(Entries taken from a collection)
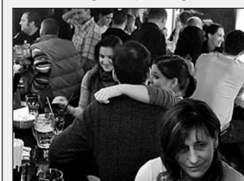
Ein Gang ins «Jacks» lohnt sich an diesem Jubiläumswochenende ganz besonders. Special-Drinks und DJ's dürften die Gemüter schnell erwärmen und die Stimmung zum Kochen bringen.

Pünktlich zu den wärmeren Temperaturen im Frühling widmete man sich im «Jacks» vermehrt der Gemütlichkeit. Die neue Gartenlounge inklusive Outdoorbar lud an lauen Sommerabenden zum Feierabendbier oder zum WM-«Public Viewing» mit Freunden ein. Knurrte der Magen eines Gastes, konnte man einfach genüsslich im Loungesessel sitzen bleiben und sich Grilladen, einen Snack oder ein Eis bestellen. – Wichtiger Hinweis: Ab der Wassergasse 1 in Richtung «Jacks» besteht ab 22 Uhr ein Nachtfahrverbot. Die Gäste werden gebeten, die öffentlichen Parkplätze auf der gegenüberliegenden Seite oder beim Seeparksaal zu benutzen. Das «Jacks» ist Mittwoch bis Samstag ab 17 Uhr geöffnet.
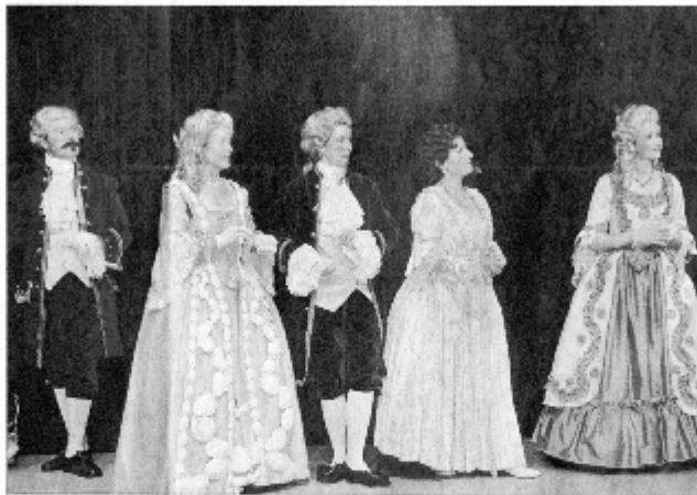
Das hat man einst am Hof Herzog Carl Eugens geliebt, auch in Urach.

»Unser Bestreben ist es, in den Räumen mit historischem Ambiente ein besseres Kulturerbe zu vermitteln.« Zur Konzeption speziell für das Uracher Schloss erklärte sie das Ziel dieser Veranstaltung: »Sie dient der Wiederbelebung
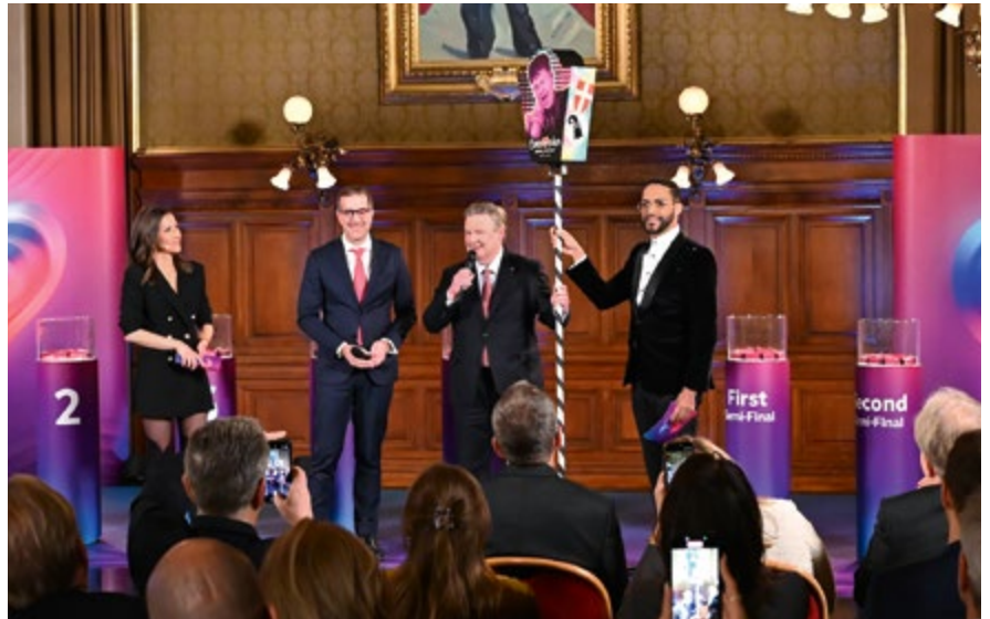
Bürgermeister Michael Ludwig erhielt von seinem Amtskollegen eine Fasnachtslaterne.

J etzt ist es offiziell: Mit der Staffelübergabe durch Basels Bürgermeister Conradin Cramer ist Wien nun Ausrichter des Eurovision Song Contest 2026. Zusätzlich zum ESC-Zepter übergab die Schweizer Delegation Stadtchef Ludwig eine Fasnachtslaterne mit dem Bild von Vorjahressieger JJ, die in der Wiener Stadthalle eine neue Heimat finden soll. Für Ludwig „ein schönes Zeichen der Verbundenheit“. Der Song Contest sei „gerade in Zeiten, in denen es Krisen und Kriege gibt, etwas Wunderbares“, betonte der Bürgermeister. Schließlich zeige das weltgrößte Event dieser Art,
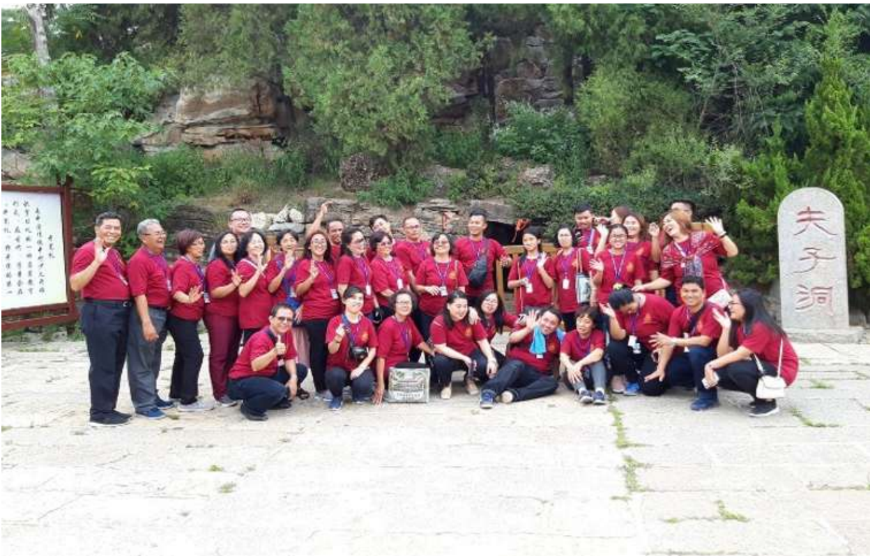
Gambar 5. Fu Zi Dong (Gua tempat kelahiran Nabi Kongzi)

Etika ekologi Khonghucu dapat mengarahkan orang dalam memahami dan menangani dengan benar hubungan antara satu orang dengan yang lain, satu generasi dan yang lain, individu dan masyarakat, dan alam semesta untuk mewujudkan keharmonisan ekologis bagi kebaikan semua umat manusia.
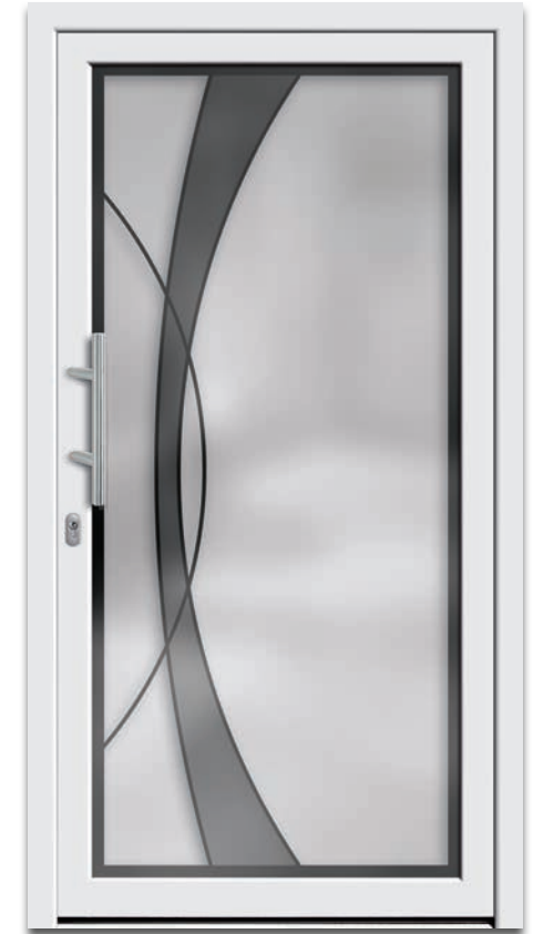
Modell 6295-01 | 2-fach Verglasung: mattiertes Glas mit klarem Rand und halbtransparentem Motiv | Griff: 9022-13 Edelstahl
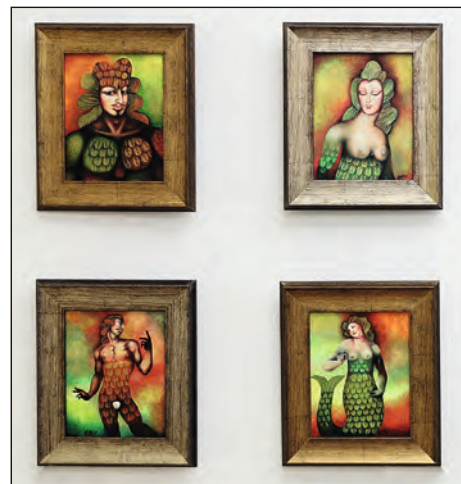
Silény a Nymfy, 2019, oleje, 25 x 20 cm
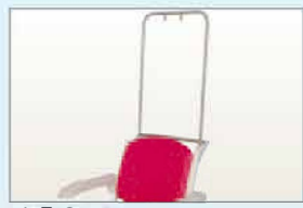
Réf TROAA Arceau antiviol
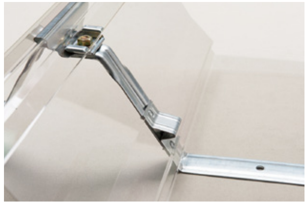
本体はタイトフレームのクローザー金具とガッチリ嵌合
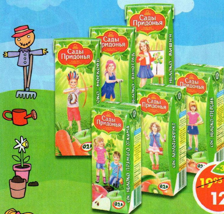
СОК САДЫ ПРИДОНЬЯ, ЯБЛОКО-ПЕРСИК; ЯБЛОКО-МОРКОВЬ*, в ассортименте**, 0,2 л

*Сведения о возрастных ограничениях смотрите на индивидуальной упаковке. Перед началом прикорма проконсультируйтесь со специалистом.
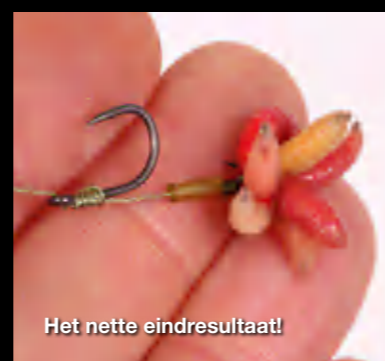
Het nette eindresultaat!
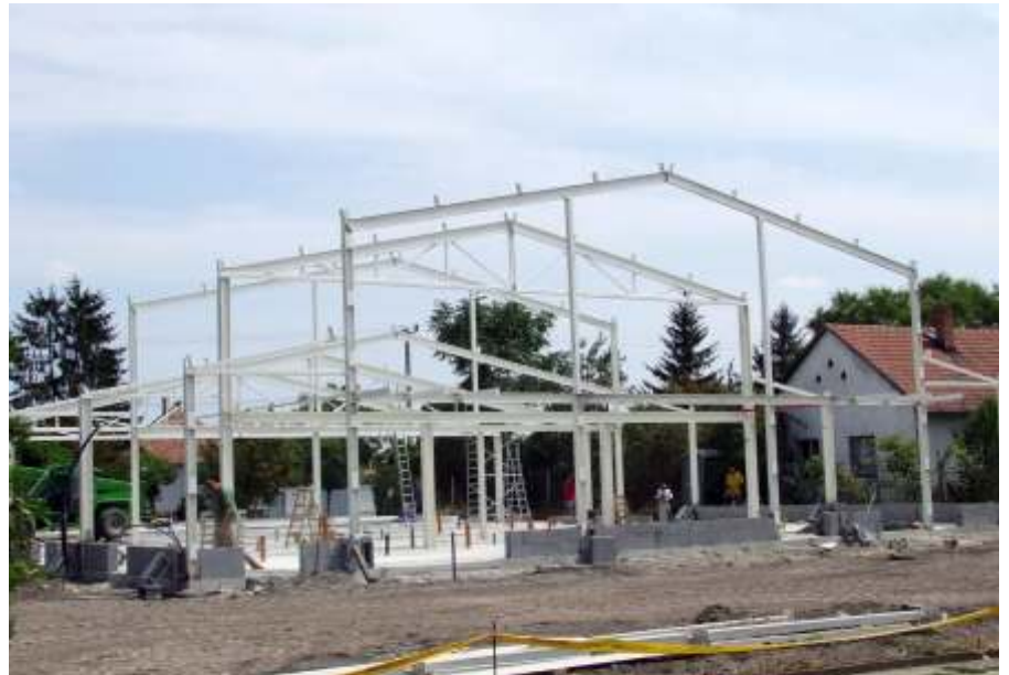
Gyorsan épül az új áruház

Július 24-én a szabadidőközpont és lakópark fejlesztési koncepciójának megbeszélését tartottuk azzal a bizottsággal, mely a fejlesztési bizottság tagjaiból és az önkormányzat bizottságainak elnökeiből áll. A döntés értelmében reális esély van arra, hogy szeptember végére, október elejére kész pályázati anyaggal rendelkezünk. Természetesen, mint minden

*Task instructions*
With the images omitted, output all entries exactly as given.

*Result*
Ein Gang ins «Jacks» lohnt sich an diesem Jubiläumswochenende ganz besonders. Special-Drinks und DJ's dürften die Gemüter schnell erwärmen und die Stimmung zum Kochen bringen.

Pünktlich zu den wärmeren Temperaturen im Frühling widmete man sich im «Jacks» vermehrt der Gemütlichkeit. Die neue Gartenlounge inklusive Outdoorbar lud an lauen Sommerabenden zum Feierabendbier oder zum WM-«Public Viewing» mit Freunden ein. Knurrte der Magen eines Gastes, konnte man einfach genüsslich im Loungesessel sitzen bleiben und sich Grilladen, einen Snack oder ein Eis bestellen. – Wichtiger Hinweis: Ab der Wassergasse 1 in Richtung «Jacks» besteht ab 22 Uhr ein Nachtfahrverbot. Die Gäste werden gebeten, die öffentlichen Parkplätze auf der gegenüberliegenden Seite oder beim Seeparksaal zu benutzen. Das «Jacks» ist Mittwoch bis Samstag ab 17 Uhr geöffnet.
Das hat man einst am Hof Herzog Carl Eugens geliebt, auch in Urach.

»Unser Bestreben ist es, in den Räumen mit historischem Ambiente ein besseres Kulturerbe zu vermitteln.« Zur Konzeption speziell für das Uracher Schloss erklärte sie das Ziel dieser Veranstaltung: »Sie dient der Wiederbelebung
Bürgermeister Michael Ludwig erhielt von seinem Amtskollegen eine Fasnachtslaterne.

J etzt ist es offiziell: Mit der Staffelübergabe durch Basels Bürgermeister Conradin Cramer ist Wien nun Ausrichter des Eurovision Song Contest 2026. Zusätzlich zum ESC-Zepter übergab die Schweizer Delegation Stadtchef Ludwig eine Fasnachtslaterne mit dem Bild von Vorjahressieger JJ, die in der Wiener Stadthalle eine neue Heimat finden soll. Für Ludwig „ein schönes Zeichen der Verbundenheit“. Der Song Contest sei „gerade in Zeiten, in denen es Krisen und Kriege gibt, etwas Wunderbares“, betonte der Bürgermeister. Schließlich zeige das weltgrößte Event dieser Art,
Gambar 5. Fu Zi Dong (Gua tempat kelahiran Nabi Kongzi)

Etika ekologi Khonghucu dapat mengarahkan orang dalam memahami dan menangani dengan benar hubungan antara satu orang dengan yang lain, satu generasi dan yang lain, individu dan masyarakat, dan alam semesta untuk mewujudkan keharmonisan ekologis bagi kebaikan semua umat manusia.
Modell 6295-01 | 2-fach Verglasung: mattiertes Glas mit klarem Rand und halbtransparentem Motiv | Griff: 9022-13 Edelstahl
Silény a Nymfy, 2019, oleje, 25 x 20 cm
Réf TROAA Arceau antiviol
本体はタイトフレームのクローザー金具とガッチリ嵌合
СОК САДЫ ПРИДОНЬЯ, ЯБЛОКО-ПЕРСИК; ЯБЛОКО-МОРКОВЬ*, в ассортименте**, 0,2 л

*Сведения о возрастных ограничениях смотрите на индивидуальной упаковке. Перед началом прикорма проконсультируйтесь со специалистом.
Het nette eindresultaat!
Gyorsan épül az új áruház

Július 24-én a szabadidőközpont és lakópark fejlesztési koncepciójának megbeszélését tartottuk azzal a bizottsággal, mely a fejlesztési bizottság tagjaiból és az önkormányzat bizottságainak elnökeiből áll. A döntés értelmében reális esély van arra, hogy szeptember végére, október elejére kész pályázati anyaggal rendelkezünk. Természetesen, mint minden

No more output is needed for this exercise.